— Records provided —

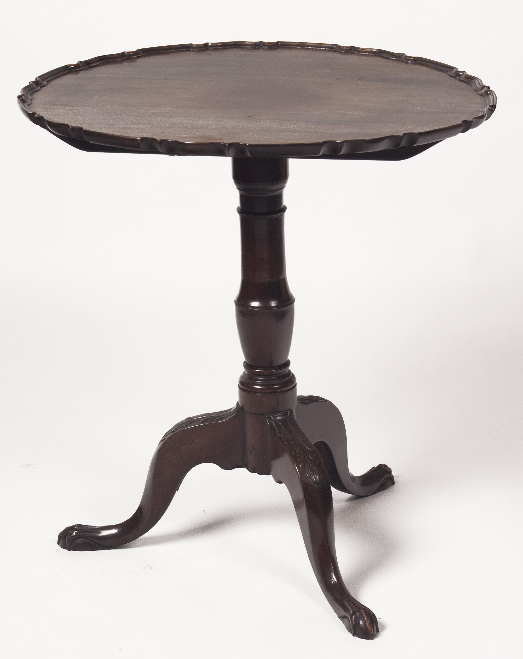 the shaped circular top raised on a vase shaped pedestal, tripod acanthus carved cabriole legs terminating in slender claw and ball feet
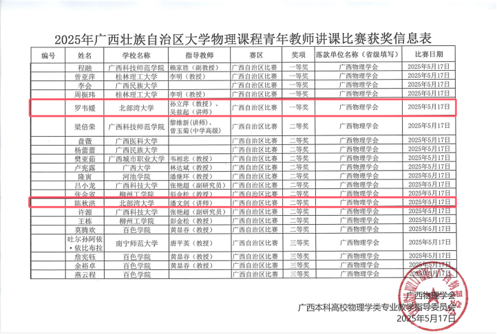 理学院教师在2025年广西高校大学物理课程青年教师讲课比赛中取得佳绩
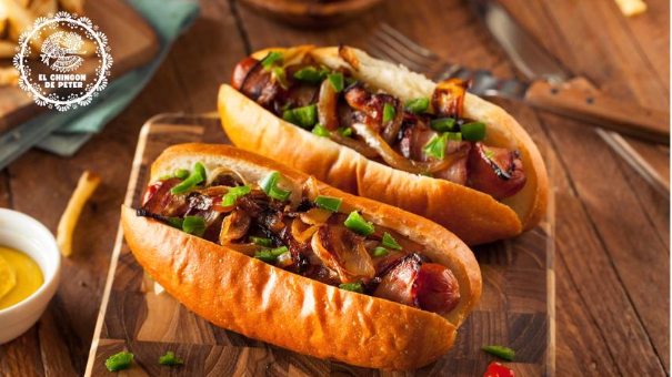 Pan artesanal, salchicha Zenú, queso mozzarella, tocineta, jamón, lechuga, huevo de codorniz, salsa de la casa.
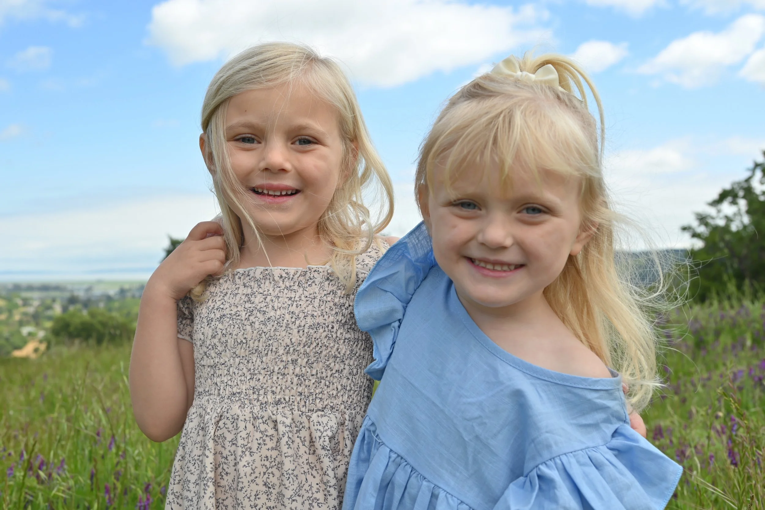 Two young blonde girls smiling outdoors in a field of green grass and purple flowers, with a blue sky and scattered clouds.
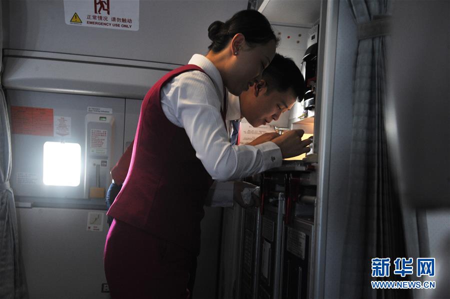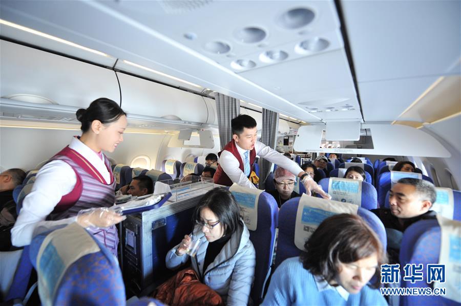 2月1日,寧儒和梁鶴在航班上為乘客服務。新華社發(楚洪雨 攝) -
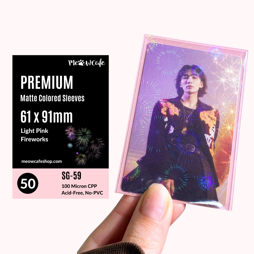 ![[50% OFF Final Sale No Restock][61x91mm] Premium Colored Hologram Matte Sleeves - Hologram Fireworks + Light Pink (SG-59)](http://meowcafeshop.com/cdn/shop/files/20_056d5257-3233-494d-9b1c-92af2eaf5afd_medium.png?v=1700695093)
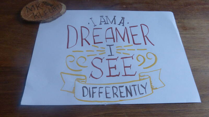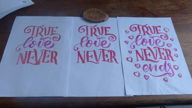 Toen besloot ik om met behulp van de tips van dit boekje wat eigen handletterringen te maken. En ik moet zeggen normaal heb ik moeite met alles goed uit laten komen ect maar door de tip van zet de woorden in hokjes en als je fouten maakt ga gewoon door en trek het later over is het me toch gelukt. Ik was heel erg tevreden over het resultaat.
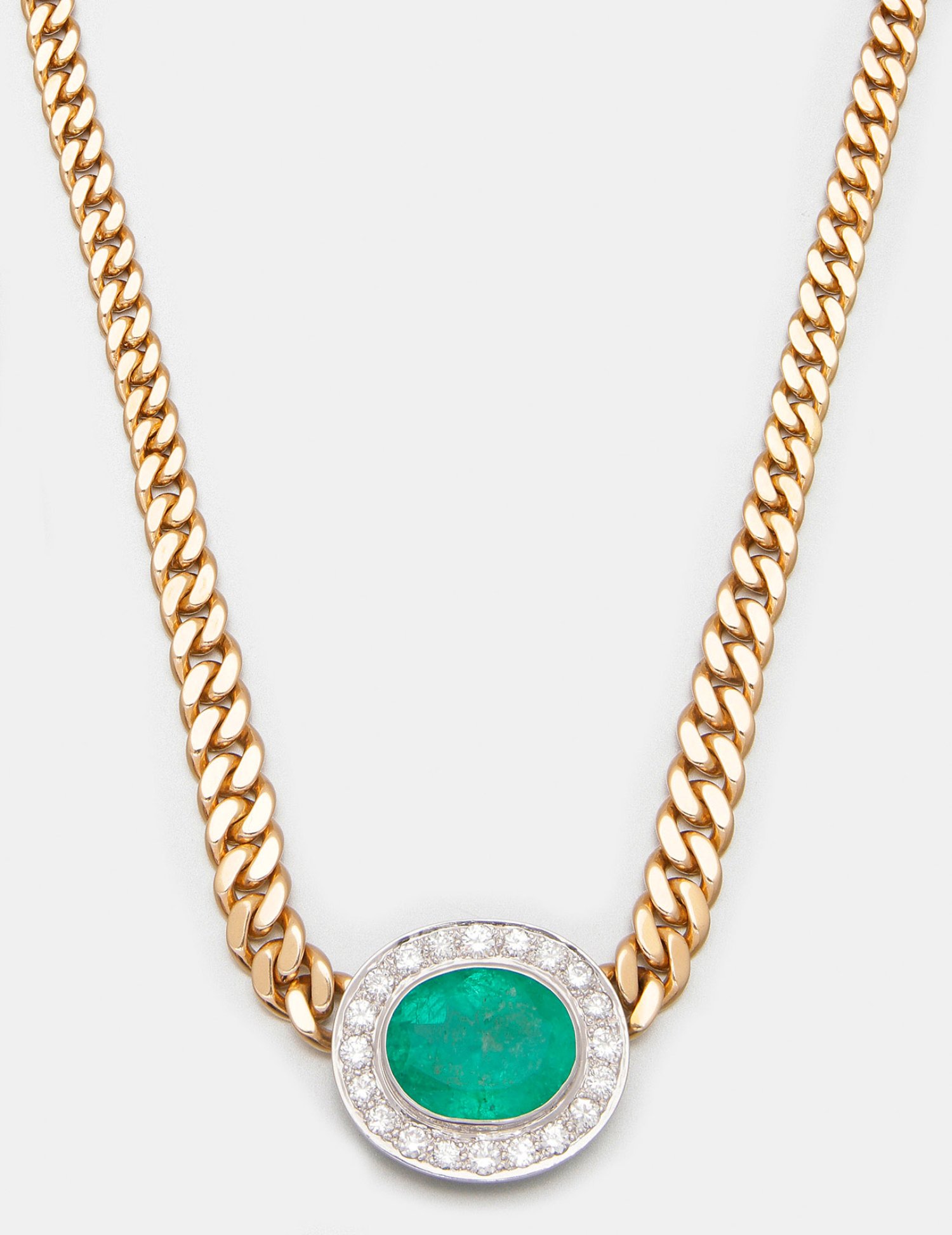 Gelbgold, gest. 750. Massives, leicht verlaufendes Panzerband, zentraler medaillonförmiger Anhänger besetzt mit einem leuchtendgrünen Smaragd von ca. 11,00 ct., entouriert von Brillanten von zus. ca. 4,20 ct.; Gew. ca. 76,35 g.
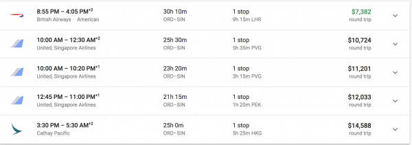 $20,000 for 2 round trip first class from Chicago to Singapore (not sure where he’s from so I picked their HQ location)
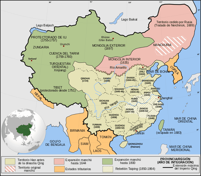 El quinto imperio más grande de la historia fue el imperio chino bajo la dinastía Qing. El imperio era una sucesión de territorios contiguos y ocupaba una superficie total de 14,7 millones de kilómetros cuadrados aproximadamente. Tenía una población de 381 millones, que representaba más del 36 % de la población mundial en 1820. La dinastía Qing fue la última dinastía de la China imperial y gobernó entre 1790 y el establecimiento de la República de China en 1912.
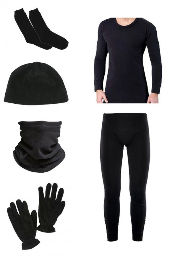 Siyah Termal İçlik Takımı Polar Bere Boyunluk Eldiven Havlu Çorap Seti - Asker Kolisi
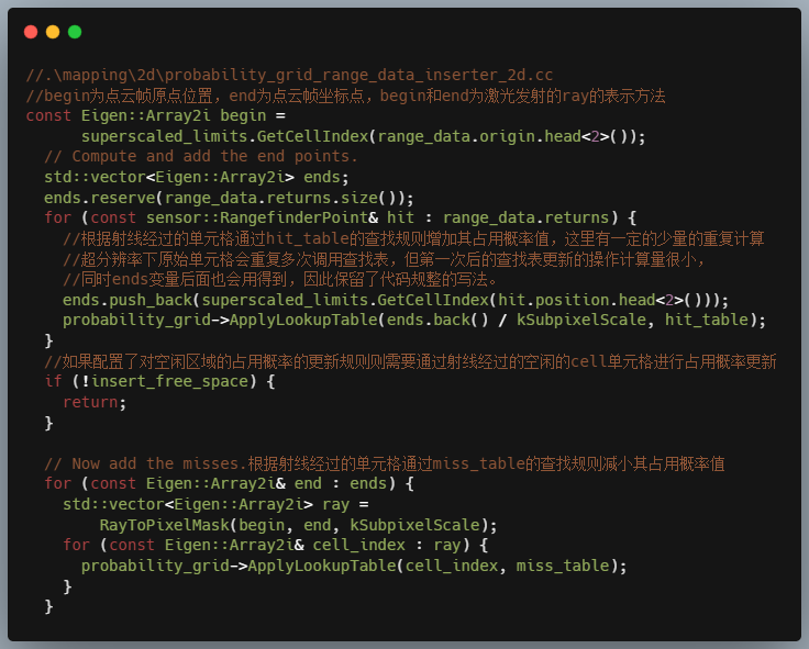 在基于概率的地图表示方法的基础上,其再次用到了一些技巧实现了高效的计算,如将概率值转化为无符号短整型(具体的实现在代码文件probability_values.h里),以及将短整型分成左右两半区间,以保证同一个点云帧的所有点云的遍历时概率栅格地图的单元格的值最多只更新一次(更新逻辑在CastRays函数里实现)。接下来根据代码加以分析根据点云帧建图的逻辑。这里关于地图更新的逻辑将以问题的形式进行说明。
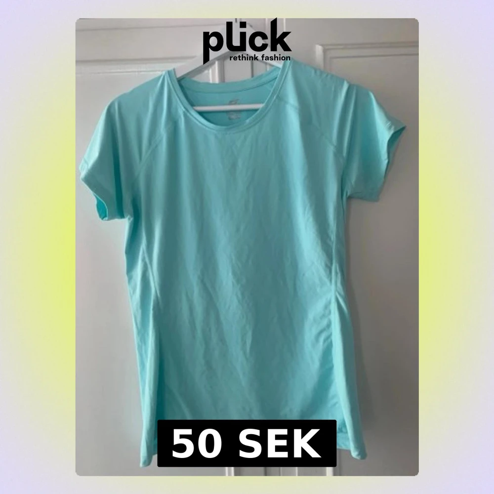 En ljusblå t-shirt med rund hals och korta ärmar. Perfekt för träning eller aktiva dagar. Tillverkad i ett syntetmaterial som andas och ger en bekväm passform. I jättefint skick.
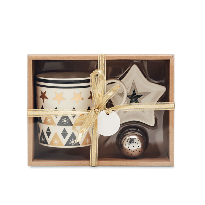 Świąteczny zestaw zawierający ceramiczny kubek, zaparzacz oraz mini talerzyk. Zapakowany w upominkowy kartonik z wierzchem z PVC, przewiązany ozdobną wstążką z etykietą.
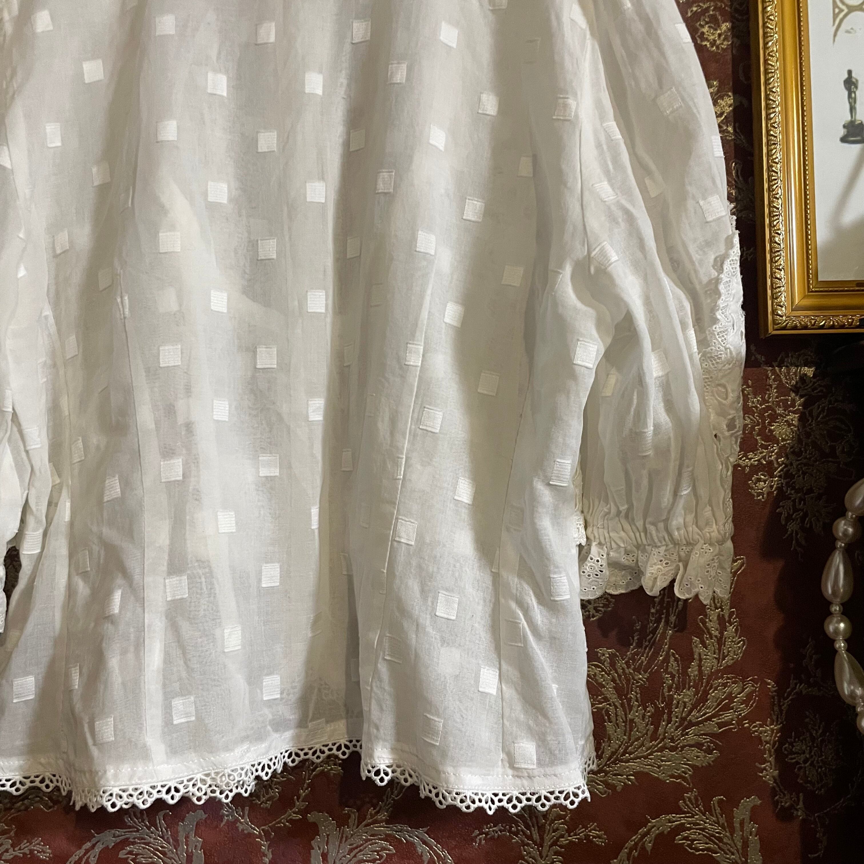 繊細なレースと立体的なフラワーモチーフが印象的な、ホワイトコットンブラウスです。

— To do —
No pictures belong in the output. Restate word for word only the lines from the one containing "En ljusblå t-shirt" to the end of the entries above.

— Answer —
 En ljusblå t-shirt med rund hals och korta ärmar. Perfekt för träning eller aktiva dagar. Tillverkad i ett syntetmaterial som andas och ger en bekväm passform. I jättefint skick.
 Świąteczny zestaw zawierający ceramiczny kubek, zaparzacz oraz mini talerzyk. Zapakowany w upominkowy kartonik z wierzchem z PVC, przewiązany ozdobną wstążką z etykietą.
 繊細なレースと立体的なフラワーモチーフが印象的な、ホワイトコットンブラウスです。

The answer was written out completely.